▶ Provided data

◇ ◇ ◇ ◇

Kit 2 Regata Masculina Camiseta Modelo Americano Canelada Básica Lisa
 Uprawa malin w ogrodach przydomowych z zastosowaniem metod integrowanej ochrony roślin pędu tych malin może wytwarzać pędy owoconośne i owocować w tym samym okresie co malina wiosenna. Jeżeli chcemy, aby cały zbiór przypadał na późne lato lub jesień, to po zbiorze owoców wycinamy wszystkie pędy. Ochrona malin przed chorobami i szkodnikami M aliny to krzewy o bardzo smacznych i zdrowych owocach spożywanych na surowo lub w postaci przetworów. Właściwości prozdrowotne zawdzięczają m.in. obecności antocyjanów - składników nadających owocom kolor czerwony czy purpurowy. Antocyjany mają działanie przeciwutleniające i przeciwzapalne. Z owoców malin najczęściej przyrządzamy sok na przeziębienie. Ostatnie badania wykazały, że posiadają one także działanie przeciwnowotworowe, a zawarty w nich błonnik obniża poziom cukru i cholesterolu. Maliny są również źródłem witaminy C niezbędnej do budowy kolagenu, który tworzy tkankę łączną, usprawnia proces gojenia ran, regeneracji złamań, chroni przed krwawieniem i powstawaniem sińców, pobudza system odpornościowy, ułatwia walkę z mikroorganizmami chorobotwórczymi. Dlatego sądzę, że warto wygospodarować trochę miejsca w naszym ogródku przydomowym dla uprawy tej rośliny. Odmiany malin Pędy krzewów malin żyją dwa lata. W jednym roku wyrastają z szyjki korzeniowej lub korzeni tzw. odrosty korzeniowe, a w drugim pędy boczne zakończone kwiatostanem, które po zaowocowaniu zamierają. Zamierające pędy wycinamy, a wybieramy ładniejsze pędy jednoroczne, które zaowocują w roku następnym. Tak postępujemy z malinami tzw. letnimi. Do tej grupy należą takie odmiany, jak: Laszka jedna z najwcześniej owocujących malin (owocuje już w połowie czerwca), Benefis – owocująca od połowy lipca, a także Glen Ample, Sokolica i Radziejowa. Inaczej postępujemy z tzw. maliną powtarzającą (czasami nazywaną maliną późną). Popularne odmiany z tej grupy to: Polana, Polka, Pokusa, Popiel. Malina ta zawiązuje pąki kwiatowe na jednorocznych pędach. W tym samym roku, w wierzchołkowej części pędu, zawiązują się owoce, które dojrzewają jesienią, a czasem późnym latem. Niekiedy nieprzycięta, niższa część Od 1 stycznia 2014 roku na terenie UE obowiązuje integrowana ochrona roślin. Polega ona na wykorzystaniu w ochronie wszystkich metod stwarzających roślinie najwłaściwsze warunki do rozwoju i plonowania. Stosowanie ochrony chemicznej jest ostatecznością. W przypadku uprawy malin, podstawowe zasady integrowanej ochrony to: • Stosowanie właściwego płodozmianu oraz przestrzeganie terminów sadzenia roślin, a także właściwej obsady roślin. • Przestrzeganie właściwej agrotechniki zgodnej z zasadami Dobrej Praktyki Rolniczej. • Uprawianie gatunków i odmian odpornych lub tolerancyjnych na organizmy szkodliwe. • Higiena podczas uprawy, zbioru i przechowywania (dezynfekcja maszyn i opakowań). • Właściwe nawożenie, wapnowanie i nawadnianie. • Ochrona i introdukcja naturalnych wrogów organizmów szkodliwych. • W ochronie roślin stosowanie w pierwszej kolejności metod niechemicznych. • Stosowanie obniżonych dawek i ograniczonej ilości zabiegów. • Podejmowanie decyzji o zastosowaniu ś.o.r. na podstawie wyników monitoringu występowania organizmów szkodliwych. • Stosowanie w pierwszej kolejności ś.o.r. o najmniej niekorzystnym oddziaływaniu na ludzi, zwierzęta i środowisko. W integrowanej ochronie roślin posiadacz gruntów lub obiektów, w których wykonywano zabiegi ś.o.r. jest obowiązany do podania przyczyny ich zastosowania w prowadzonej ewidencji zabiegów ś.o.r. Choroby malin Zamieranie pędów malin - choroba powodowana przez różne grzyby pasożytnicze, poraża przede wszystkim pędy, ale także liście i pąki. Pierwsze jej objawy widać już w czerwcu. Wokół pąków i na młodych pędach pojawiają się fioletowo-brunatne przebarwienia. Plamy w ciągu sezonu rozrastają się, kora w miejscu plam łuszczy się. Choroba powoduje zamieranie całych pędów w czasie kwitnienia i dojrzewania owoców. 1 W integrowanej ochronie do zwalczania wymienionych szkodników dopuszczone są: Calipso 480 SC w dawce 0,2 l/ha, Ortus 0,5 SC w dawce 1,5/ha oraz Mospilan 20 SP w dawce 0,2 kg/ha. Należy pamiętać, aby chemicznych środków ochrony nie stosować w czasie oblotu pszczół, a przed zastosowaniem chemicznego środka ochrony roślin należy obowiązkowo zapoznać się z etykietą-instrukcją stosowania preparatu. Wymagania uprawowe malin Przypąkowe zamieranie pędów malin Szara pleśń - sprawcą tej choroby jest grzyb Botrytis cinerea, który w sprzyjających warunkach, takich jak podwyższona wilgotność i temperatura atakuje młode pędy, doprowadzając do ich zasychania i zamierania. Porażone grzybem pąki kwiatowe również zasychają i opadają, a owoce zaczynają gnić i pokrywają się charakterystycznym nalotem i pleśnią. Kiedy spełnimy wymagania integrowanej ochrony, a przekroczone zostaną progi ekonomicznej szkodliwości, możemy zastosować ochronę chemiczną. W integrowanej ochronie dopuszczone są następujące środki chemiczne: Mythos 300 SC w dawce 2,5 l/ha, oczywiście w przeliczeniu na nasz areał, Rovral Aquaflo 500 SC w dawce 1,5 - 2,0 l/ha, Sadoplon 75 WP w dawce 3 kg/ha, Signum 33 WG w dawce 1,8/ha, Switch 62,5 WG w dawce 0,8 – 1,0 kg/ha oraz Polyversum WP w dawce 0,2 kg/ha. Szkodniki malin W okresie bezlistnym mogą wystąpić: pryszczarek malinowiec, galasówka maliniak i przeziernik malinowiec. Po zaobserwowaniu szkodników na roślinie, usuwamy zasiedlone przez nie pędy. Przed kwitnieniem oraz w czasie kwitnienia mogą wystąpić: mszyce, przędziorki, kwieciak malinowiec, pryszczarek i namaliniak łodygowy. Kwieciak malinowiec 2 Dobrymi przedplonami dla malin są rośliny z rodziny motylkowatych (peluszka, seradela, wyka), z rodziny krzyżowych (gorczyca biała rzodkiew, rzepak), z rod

◇ ◇ ◇ ◇

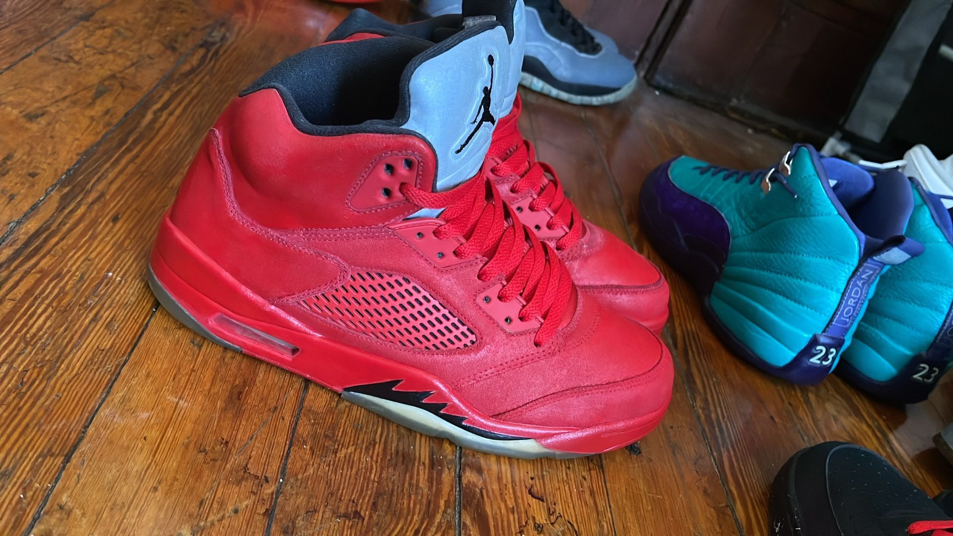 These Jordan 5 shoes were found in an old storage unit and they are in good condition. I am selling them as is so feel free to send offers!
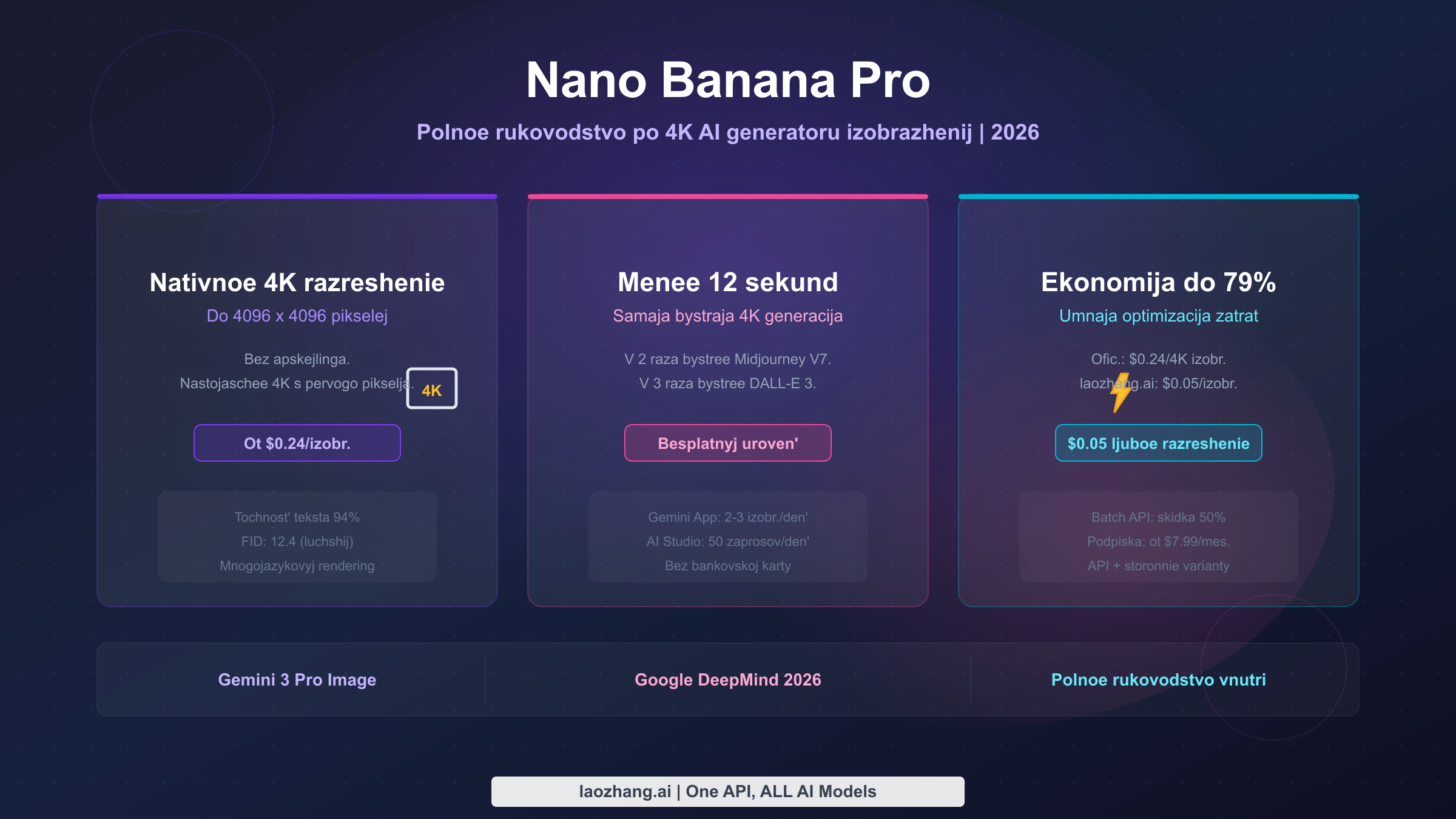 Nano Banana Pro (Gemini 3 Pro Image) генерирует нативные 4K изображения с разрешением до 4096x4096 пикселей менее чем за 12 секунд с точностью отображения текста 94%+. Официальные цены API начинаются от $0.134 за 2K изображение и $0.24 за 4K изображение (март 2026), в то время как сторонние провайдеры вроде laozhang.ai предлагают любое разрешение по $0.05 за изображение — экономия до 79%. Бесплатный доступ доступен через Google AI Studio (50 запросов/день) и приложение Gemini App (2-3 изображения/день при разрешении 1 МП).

◇ ◇ ◇ ◇

Starting with the line that has "These Jordan 5" and going on through the line that has "Nano Banana Pro", transcribe the records above exactly, but skip the pictures.

▶ Solution to this problem
 These Jordan 5 shoes were found in an old storage unit and they are in good condition. I am selling them as is so feel free to send offers!
 Nano Banana Pro (Gemini 3 Pro Image) генерирует нативные 4K изображения с разрешением до 4096x4096 пикселей менее чем за 12 секунд с точностью отображения текста 94%+. Официальные цены API начинаются от $0.134 за 2K изображение и $0.24 за 4K изображение (март 2026), в то время как сторонние провайдеры вроде laozhang.ai предлагают любое разрешение по $0.05 за изображение — экономия до 79%. Бесплатный доступ доступен через Google AI Studio (50 запросов/день) и приложение Gemini App (2-3 изображения/день при разрешении 1 МП).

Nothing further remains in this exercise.